A strong intake system answers five questions quickly: who contacted you, what they need, how urgent it is, who owns the next step, and when follow-up happens.
1. Capture every inquiry in one place
Leads should not live across random inboxes, phones, social media messages, and paper notes. Pick one place to track every new inquiry, even if it is a simple spreadsheet at first.
- Name and contact information
- Service requested
- Source of the lead
- Date and time received
- Status: new, contacted, booked, pending, lost
2. Define the first response standard
Speed matters. Decide what an acceptable first-response window is for your business. Then build the process around hitting it consistently.

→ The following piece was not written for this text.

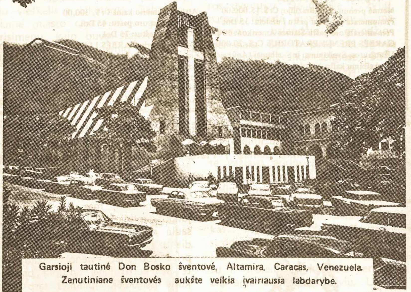
Garsioji tautinė Don Bosko šventovė, Altamira, Caracas, Venezuela. Zenutiniame šventovės aukšte veikia įvairiausia labdaryste.

II D. karo metu dauguma Europos tautų prarado laisvę. Laisvės vardan valstybės susivienijo ir

3. Use a simple intake script
Your team should not freestyle the same questions every time. A basic intake script creates consistency and makes training easier.
- What problem are you trying to solve?
- When do you need help?
- Have you worked with anyone on this before?
- What is the best way to reach you?
- What should happen next?
4. Assign ownership
If everyone is responsible, nobody is responsible. Every lead needs one person attached to the next action.
5. Build follow-up into the system
The money is usually in the second or third touch. Add reminders for leads who asked for more information, did not answer, or said they needed time.
6. Review intake weekly
Once per week, review how many leads came in, how many were contacted, how many booked, and where the process broke. That is where improvement starts.